## WHAT YOU HAVE TO DO:
Please transcribe exactly the lines from the first line of the records below through the line containing "Since we had", including both, and omit all pictures.

## SOURCE DATA:
━━━━━━━━━━━━━━━━
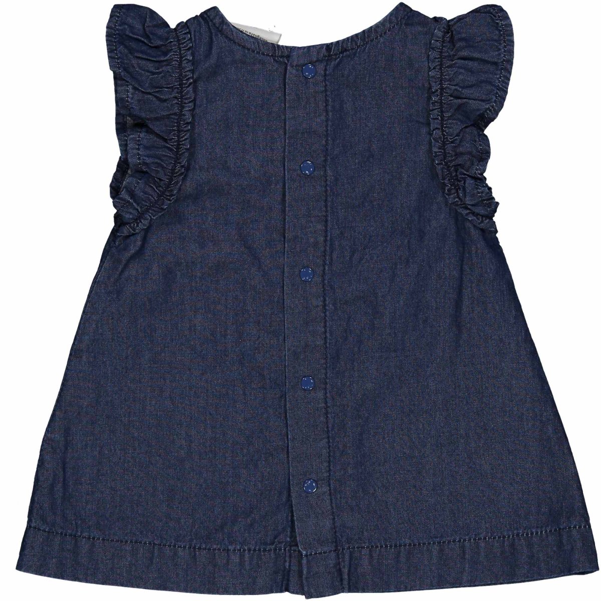 Vestito 100% cotone, effetto denim, con ciliegie ricamate, a giro manica con manica a rouche
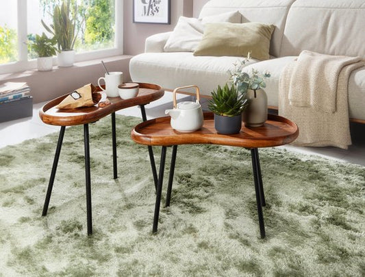 salontafel WL5.669 71x51x40 cm Sheesham massieve banktafel niervorm met metalen poten | Salontafel massief hout | Kleine niertafel echt hout | Stubentisch Holz | Bijzettafel Modern
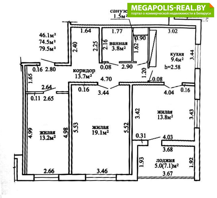 Общая площадь указана по СНБ.
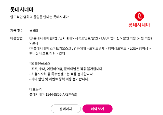 LG유플러스 고객은 U+멤버십 혜택 중 영화 할인 제휴가 한정적이나, 특정 시즌이나 이벤트 기간 중에는 롯데시네마와 연계된 할인권 또는 영화 관람권 지급 이벤트가 진행되곤 합니다.
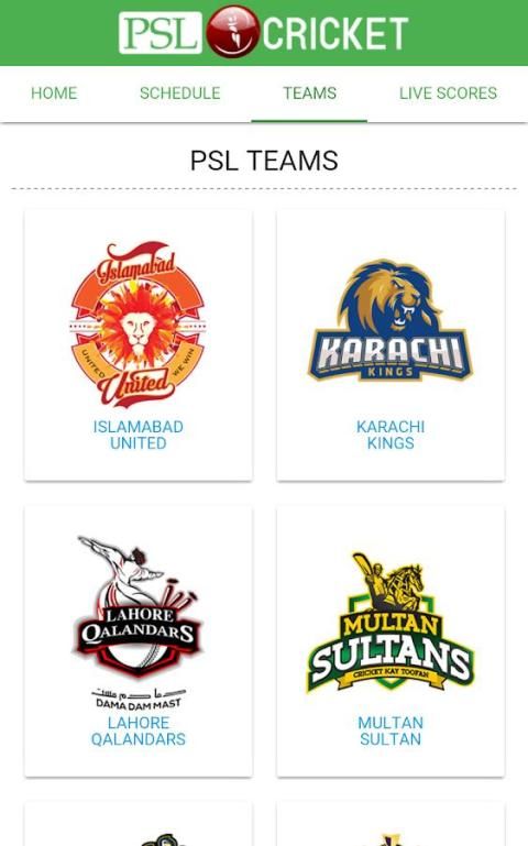 PSL 2018 aplikasi telah rinci profil dari semua Tim PSL: Lahore Qalandars, Karachi Kings, Peshawar Zalmi, Multan Sultan, Islamabad Inggris, Quetta Gladiator. Profil tim menunjukkan lokal dan pemain internasional informasi, jadwal tim dan tim hasil.
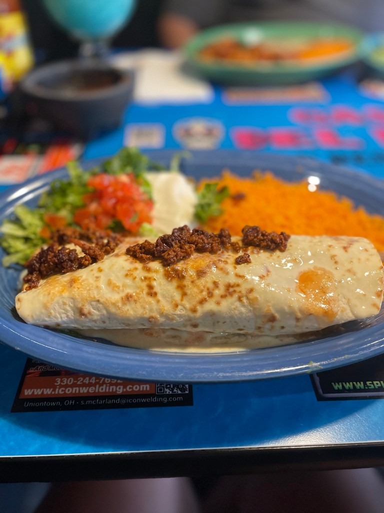 Since we had a theme going, I decided to order the spicy steak burrito from the specials menu. It comes with a topper of queso, chorizo and a spicy sauce. I enjoyed it.
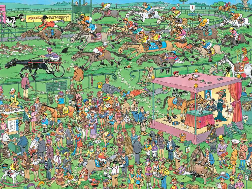 Welcome to the most hilarious racetrack at Ascot! Chaos reigns on the track: One horse watches carefully to see how it should be done, while another simply runs off the track, and a third even has wings. Meanwhile, the jockeys try to stay upright, and the ladies, wearing their extravagant hats, compete to outdo each other with the most bizarre creations.
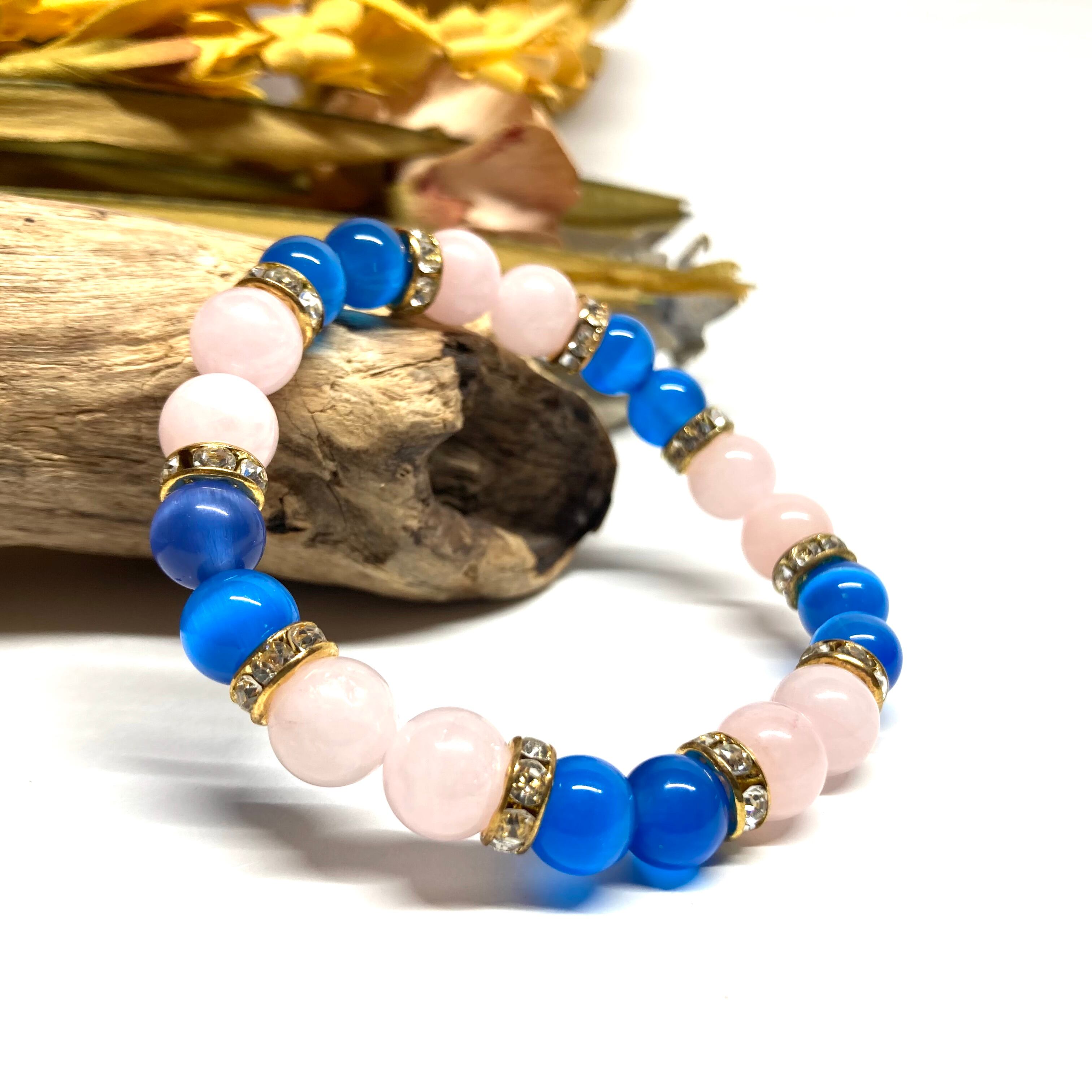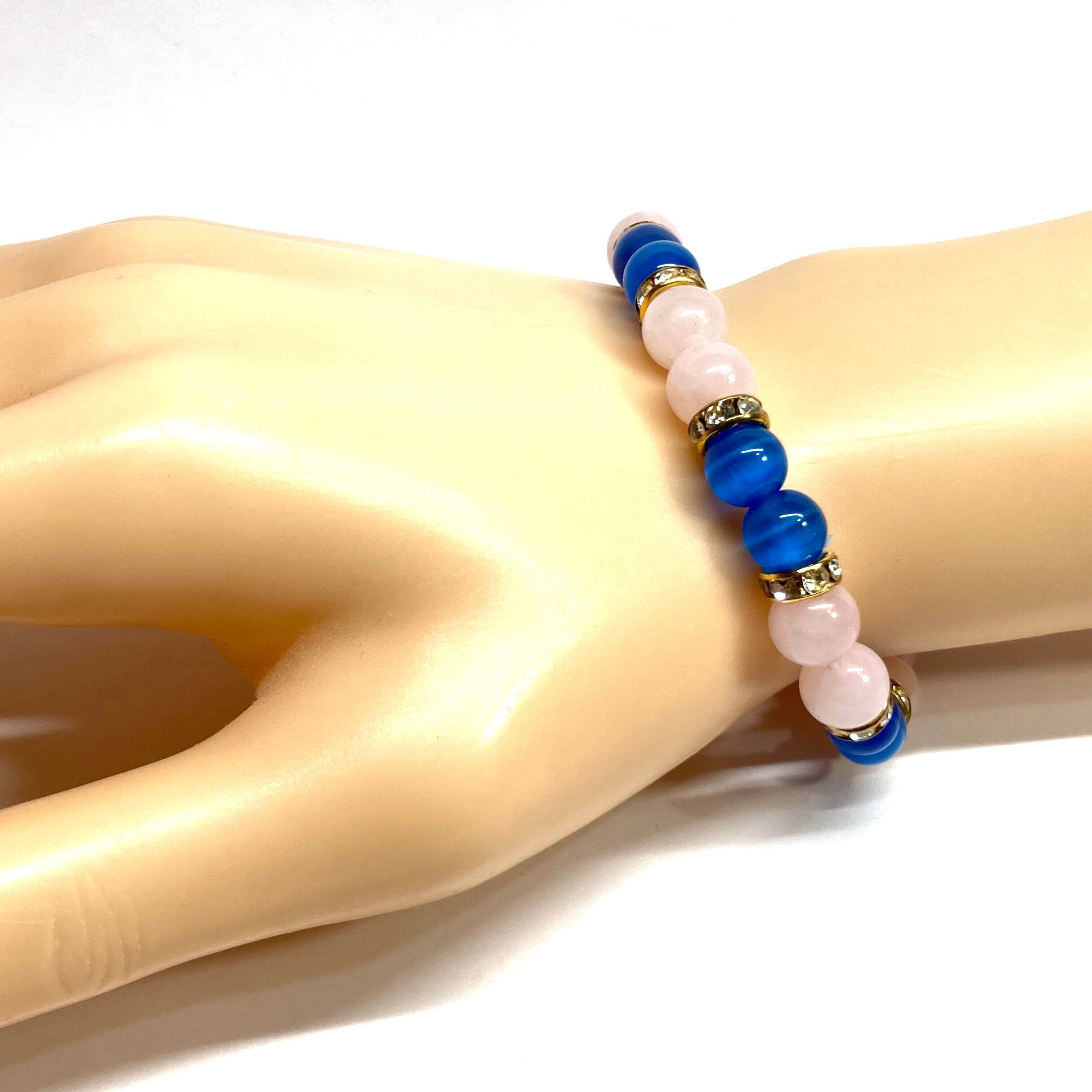 こちらは、8mm玉のブルーキャッツアイとローズクォーツを使用したパワーストーンブレスレットです。間にはゴールドのロンデルを挟み高級感ある大人っぽいデザインに仕上がっています。サイズは内周約15cmです。気になる方は是非この機会にどうぞ。
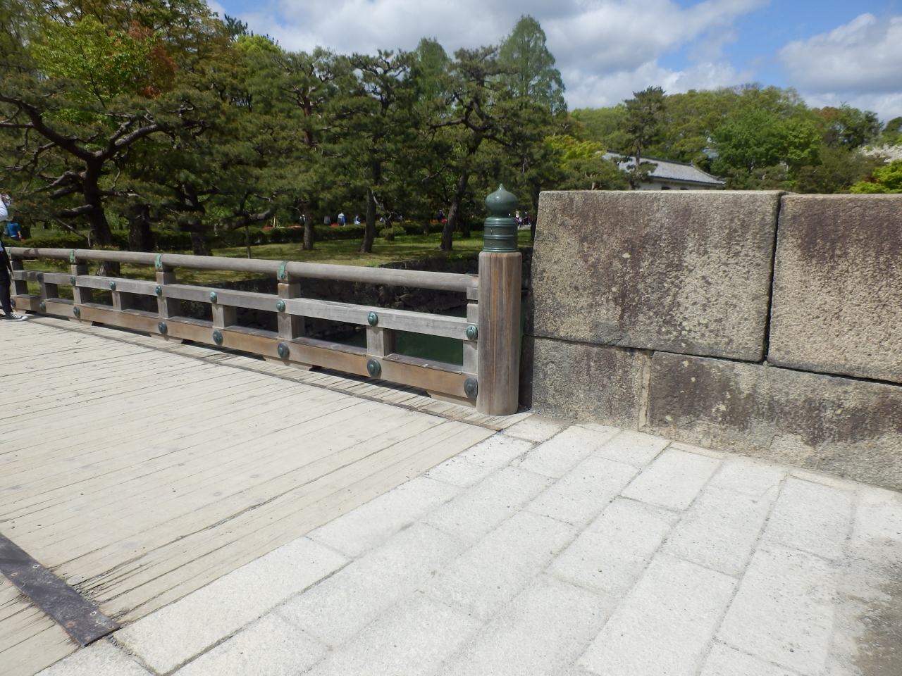 二条城の本丸を敵の攻撃から護る重要な櫓門、お城の本丸といえば城の中枢の建物なので櫓門も他城ではかなり立派な建物が構築されていますが二条城の規模にしては貧弱に感じました、櫓の直前にある内堀に架かる東橋は木製、敵の攻撃時に橋を落として本丸への進入を防ぐ為だった、ここを潜ると約20段程の登り石段がある、石段の上は全面フラットな本丸庭園が広がる、櫓の二階と本丸の高さが同じになっている、二の丸との差はこのあたりに見受けられる、
━━━━━━━━━━━━━━━━
## EXERCISE RESULT:
 Vestito 100% cotone, effetto denim, con ciliegie ricamate, a giro manica con manica a rouche
 salontafel WL5.669 71x51x40 cm Sheesham massieve banktafel niervorm met metalen poten | Salontafel massief hout | Kleine niertafel echt hout | Stubentisch Holz | Bijzettafel Modern
 Общая площадь указана по СНБ.
 LG유플러스 고객은 U+멤버십 혜택 중 영화 할인 제휴가 한정적이나, 특정 시즌이나 이벤트 기간 중에는 롯데시네마와 연계된 할인권 또는 영화 관람권 지급 이벤트가 진행되곤 합니다.
 PSL 2018 aplikasi telah rinci profil dari semua Tim PSL: Lahore Qalandars, Karachi Kings, Peshawar Zalmi, Multan Sultan, Islamabad Inggris, Quetta Gladiator. Profil tim menunjukkan lokal dan pemain internasional informasi, jadwal tim dan tim hasil.
 Since we had a theme going, I decided to order the spicy steak burrito from the specials menu. It comes with a topper of queso, chorizo and a spicy sauce. I enjoyed it.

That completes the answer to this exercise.